Is there an efficient way to calculate $a! \bmod b$ for arbitrarily large $a < b$?

Question

I am trying to find a way to calculate $a! \bmod b$ where $0<a<b$ for arbitrarily large $a$. Is there an efficient way to do this without calculating $a!$ explicitly?

Answer 1

n! becomes large already for small values of n so storage quickly becomes an issue if we were to calculate and store the whole number before doing modulus. The idea by Mose Wintner in the comments avoids having to store the whole number which is really nice, although we can also do it pairwise and in any order, say for instance $$(1 \cdot 2) (3 \cdot 4) (5 \cdot 6) (7 \cdot 8) (\text{mod 11})$$ Which is equal to $$(1 \cdot 2 (\text{mod 11})) (3 \cdot 4 (\text{mod 11})) (5 \cdot 6 (\text{mod 11})) (7 \cdot 8 (\text{mod 11}))$$

This way if $n$ is large and we have a many core computer we can do each multiply-modulus independently and then recurse on the previous products, halving the numbers of factors in each step.

---

Implementing Mose Wintner's idea in the C language with 4 pthreads on my 2 core computer for $$100000001 ! = 68124726 (\text{mod } 179425133)$$ takes about 2 seconds, but that is while I am doing a bunch of other batch jobs at the same time. I don't have any symbolic or big int precision software to compare against, but it should be within the 64 bit "long" margin ( I think ). I checked it for some smaller numbers and it gave me the same results as octave but I needed to increase the size to be able to measure the speed as it was too fast to measure speed reliably for the smaller numbers.

Answer 2

There are certain cases you can evaluate easily however for most cases you would need to evaluate it recursively. Apply the mod after each recursive step will help with the storage of the value.

Special cases:

The answer will be zero if there are sufficient terms to cover the prime factorization of $b$. E.g. If $b=72$ you need three factors of 2 and two factors of 3.

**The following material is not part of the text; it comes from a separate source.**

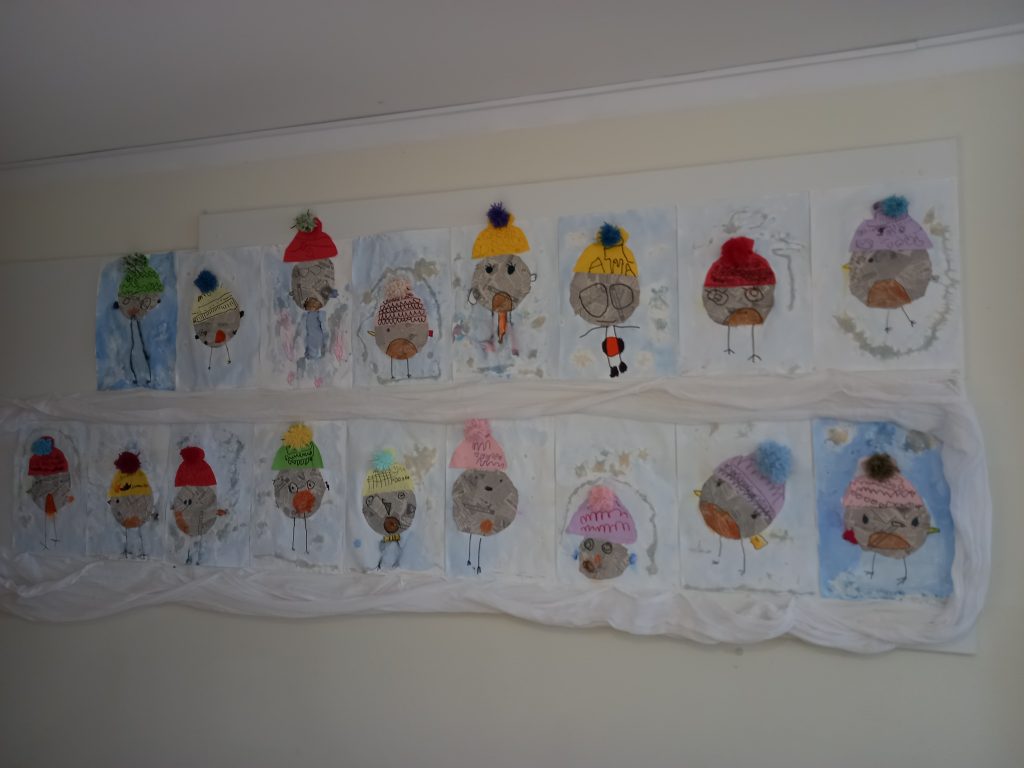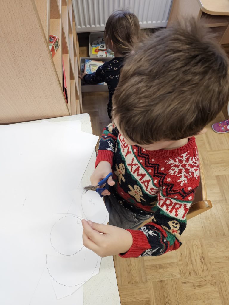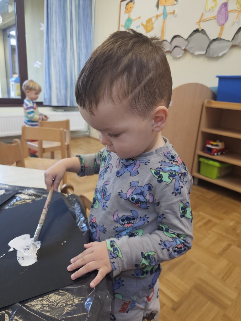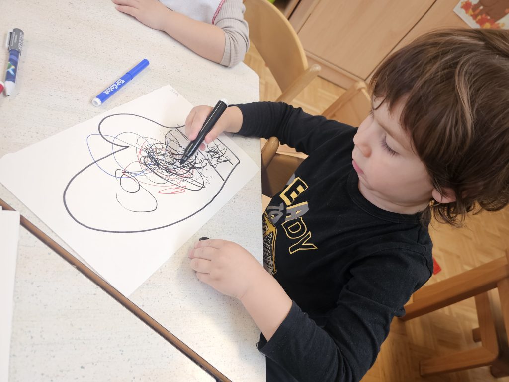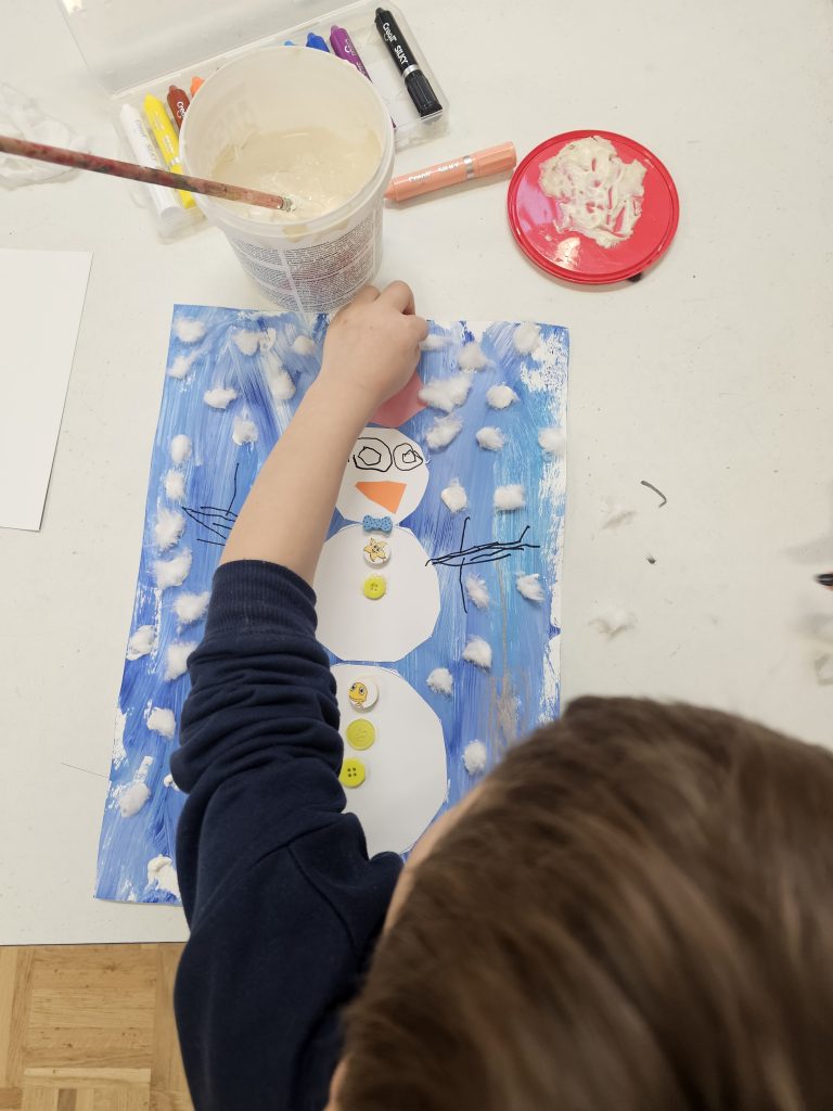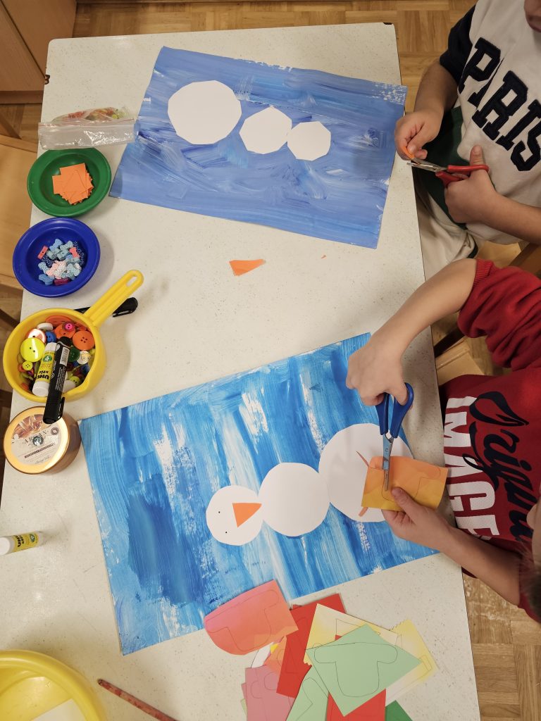 Otroci so po poslušanju pravljice Snežnosek svoje vtise in domišljijo izrazili z risbo. Likovno ustvarjanje se je nadaljevalo z izdelovanjem sneženega moža, pri čemer so otroci razvijali ustvarjalnost, natančnost ter domišljijo.

If $b$ is prime and $a=b-1$ then the answer is $a-1$.

If $b$ is prime and $a=b-2$ then the answer is 1.

Answer 3

With "arbitrarily large" I assume a >> $10^{12}$ or something like that? Which means that b is large as well?

I would start by factoring b; if b has a factor $p^k$ with p ≤ a then we may be able to prove that a! = 0 (modulo $p^k$). Even if that is not the case, calculating a! modulo x on a current computer will be a lot faster if x < $2^{64}$. Various results can then be combined.

We now assume that we want a! (modulo b) where a < b and b cannot be reasonably factored. We can obviously calculate a product of a huge number of integers (modulo b) by performing every single multiplication modulo b. If $a^2$ < b then we can multiply numbers in pairs.

When a is large, we would try to distribute the calculation over multiple processors, which is quite trivial. We would also perform multiple multiplications (modulo b) in parallel to use each processor's ability to perform multiple operations in parallel.

To calculate (ax) modulo b, we would need to calculate ax, divide by b, round down to an integer, and subtract that integer times b from the product. It will be faster to calculate 1/b once, and it may be faster not to round (ax / b) down, but to round (ax * (1/b)) to a nearby integer. We don't actually need (ax) modulo b, it is good enough if we have a small number z with z modulo b = (ax) modulo b.